The Early Years of the Russian Revolution'

by Robert Service

Public Affairs, 441 pp., $32.99

Nearly 95 years after a small band of determined radicals seized control of the largest nation on Earth, and two decades after the regime they established finally crumbled, the Russian Revolution remains a grimly fascinating drama. The sheer improbability of how Lenin and his Bolsheviks took power from the hapless Provisional Government, and then successfully fended off a host of enemies through tactical genius, brutal determination and the conviction they really were on the right side of history, makes for a great story.

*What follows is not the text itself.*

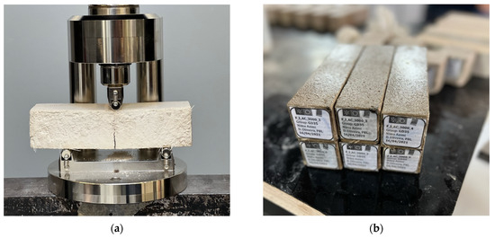 Flexural testing of lime-based mortar specimens under varying environmental conditions and exposure durations. (a) Three-point bending test setup. (b) Prepared mortar specimens prior to testing.

From John Reed's "Ten Days that Shook the World," which appeared while the Bolsheviks were still struggling to hang onto power, to recent histories and biographies that draw upon newly opened Soviet archives , there are enough books on the Russian Revolution to stock a decent-size bookstore. So any new account carries the heavy burden of justifying itself as providing new information, a new perspective or both.

Robert Service, a longtime scholar of Russian history, accomplishes this by focusing not so much on Lenin, Trotsky & Co. as on the response of the outside world to what they were doing. The revolution didn't happen in a geopolitical vacuum: World War I was still raging, and Germany, Britain, France, the United States and other powers were keen to either turn the Bolshevik experiment to their advantage or, failing that, abort it completely.

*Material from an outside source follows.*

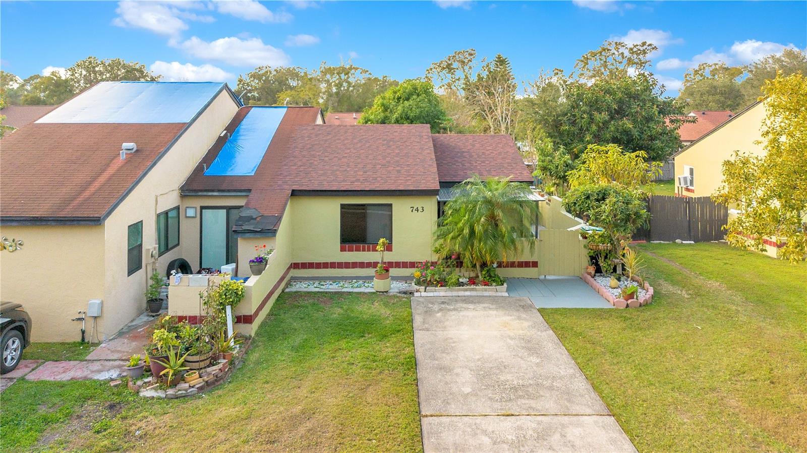 Redução de preço!!! Bem-vindo ao 743 Golden Sunshine Circle, um duplex lindamente atualizado de 2 quartos e 1 banheiro que oferece uma vida confortável e atualizações atenciosas, incluindo um TELHADO NOVO. Ao se aproximar, você é recebido por um exterior bem cuidado com paisagismo fresco e um pátio frontal aconchegante, perfeito para o café da manhã ou para relaxar à noite. Entre para encontrar toneladas de luz natural irradiando das grandes janelas que destacam o novo e luxuoso piso de pranchas de vinil de fácil manutenção em toda a casa. A espaçosa sala familiar flui facilmente para a área de jantar e cozinha, criando um layout prático e acolhedor. A cozinha foi cuidadosamente atualizada com bancadas de granito e eletrodomésticos de aço inoxidável, incluindo uma geladeira nova. Ambos os quartos têm dimensões confortáveis e amplo armário, enquanto o banheiro recentemente atualizado (2023) apresenta acabamentos modernos, incluindo vidro de segurança para maior tranquilidade. Passe pelas novas portas de vidro deslizantes para aproveitar o verdadeiro destaque desta propriedade: o espaço ao ar livre. Este amplo oásis de quintal totalmente cercado, completo com um gazebo encantador, árvores maduras e várias áreas de estar, é o local perfeito para entreter ou relaxar após um longo dia. Um galpão de jardim fornece armazenamento adicional, e a área de grama artificial de baixa manutenção garante que você passará mais tempo aproveitando seu espaço em vez de mantê-lo. Outra atualização notável para esta casa inclui uma reforma completa, aumentando sua tranquilidade nos próximos anos. Este condomínio oferece manutenção do gramado do jardim da frente e uma piscina comunitária com uma taxa HOA SUPER baixa. Esta casa está pronta para morar e é perfeita para compradores de primeira viagem, redutores ou investidores. Situada a poucos passos da Colonial High School e centralmente localizada para que tudo esteja ao seu alcance - deslocamento fácil com a 408 (8 min), uma infinidade de restaurantes e compras em Waterford Lakes (15 min), UCF e Siemens (15 min) e apenas 20 minutos para o centro de Orlando - esta propriedade realmente tem tudo, então agende sua exibição privada hoje mesmo!

The revolutionary regime had no real friends. The closest thing to an ally was Germany, which only wanted the Bolsheviks to remain in power long enough for German troops to win on the western front. Winston Churchill's assessment — that "civilization is being extinguished over gigantic areas, while Bolsheviks hop and caper like troupes of ferocious baboons amid the ruin of their cities and the corpses of their victims" — was widely shared.

Using archival records, personal letters, memoirs and other primary sources, Service well describes the odd three-way chess game played by the Bolsheviks, Central Powers and Allies (mainly Britain and France). The Bolsheviks desperately needed time to consolidate power, but also tried to foment revolutions elsewhere in Europe; the Allies half-hoped to persuade them to rejoin the war against Germany, but also landed troops in Russia, aided the counterrevolutionary Whites and plotted to overthrow the regime. Germany, for its part, was working to win the war and absorb its new eastern conquests, and was perfectly content for the Allies and Russia to keep each other busy.

After Germany lost the war, Britain and France (with sometimes-reluctant U.S. help) stepped up efforts to get rid of Soviet Russia. However, their intelligence operations inside Russia were hardly equipped for such a task. Service has a wonderful time describing the follies of Robert Bruce Lockhart, Britain's dilettantish agent in Moscow (who seemed at least as interested in bedding Russian women, some of them likely double agents) and Sidney Reilly, the "Ace of Spies" whom Service describes as a "compulsive conman" who saw everyone as a potential mark.

Service clearly knows this material and tells it well, though his penchant for diplomatic detail may leave less-knowledgeable readers behind; a roster of characters would have been helpful. Some stray odd errors (such as Service's apparent belief that President Wilson was constitutionally restricted from traveling abroad) don't detract from the overall narrative. This probably shouldn't be the first history of the Revolution one reads, but it makes a dandy companion to the more traditional Kremlin-focused accounts.

Drew DeSilver is a business reporter

for The Seattle Times.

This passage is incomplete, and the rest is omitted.